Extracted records

....

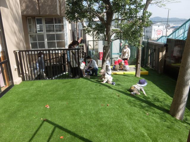 乳児(0~2歳児)については、乳児期の発達の順序性を重要視し、身体的情緒的発達を丁寧に確認しながら、ひとりひとりを大切にした保育をしています。まずは特定の大人との信頼関係を築き、ひとりひとりの個性や発達の段階をきちんと把握した上で保育を進めていけるように、育児担当制を取り入れています。
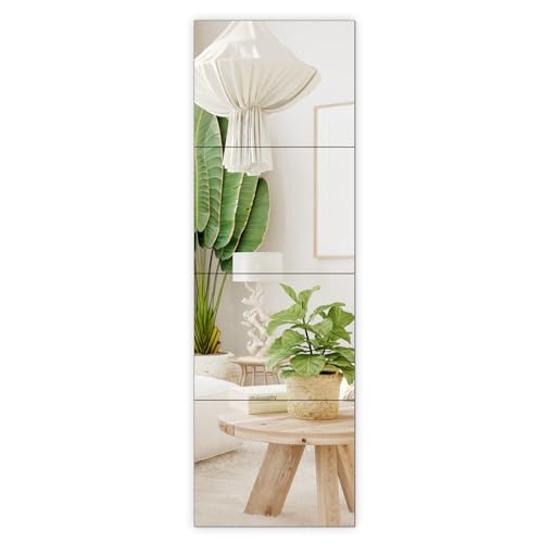 DONGDA Väggspeglar för Hela Kroppen, Akryl Spegelplattor Självhäftande Spegelfolie, Plast Spegel Väggmonterad Ramlös Full Längd Spegel Dekorativ Väggspegel för Hem Träning Gym (4 Stycken, 30cm x 30cm)
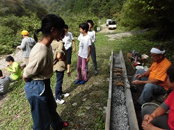子どもたちは、懸命にイワナを追いかけていました。
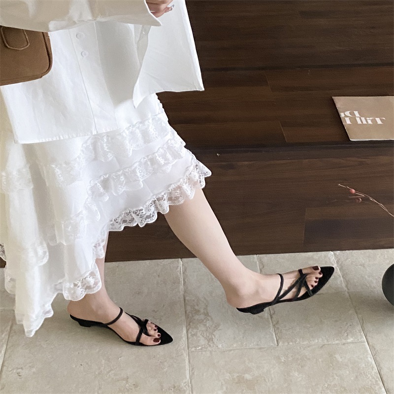 두꺼운 뒤꿈치 실버 프렌치 뾰족한 스트랩 샌들 페어리 슈즈 2025 새로운 여름 스커트 클립 토 로마자스토어 가기
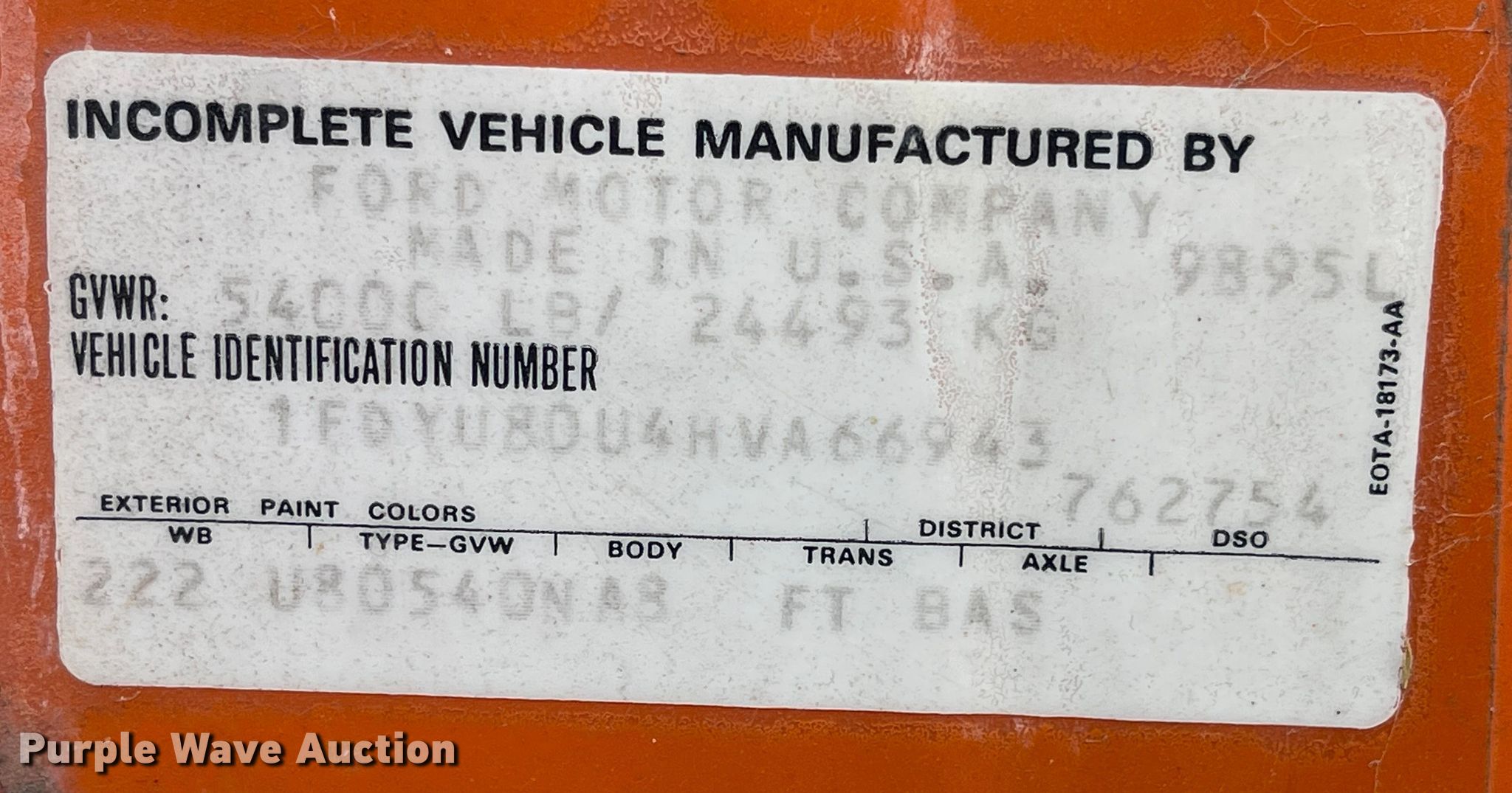 - VIN: 1FDYU80U4HVA66943

....

» Work order: Set down every record once more, word for word, without pictures.

» Result for this task:
 乳児(0~2歳児)については、乳児期の発達の順序性を重要視し、身体的情緒的発達を丁寧に確認しながら、ひとりひとりを大切にした保育をしています。まずは特定の大人との信頼関係を築き、ひとりひとりの個性や発達の段階をきちんと把握した上で保育を進めていけるように、育児担当制を取り入れています。
 DONGDA Väggspeglar för Hela Kroppen, Akryl Spegelplattor Självhäftande Spegelfolie, Plast Spegel Väggmonterad Ramlös Full Längd Spegel Dekorativ Väggspegel för Hem Träning Gym (4 Stycken, 30cm x 30cm)
子どもたちは、懸命にイワナを追いかけていました。
 두꺼운 뒤꿈치 실버 프렌치 뾰족한 스트랩 샌들 페어리 슈즈 2025 새로운 여름 스커트 클립 토 로마자스토어 가기
 - VIN: 1FDYU80U4HVA66943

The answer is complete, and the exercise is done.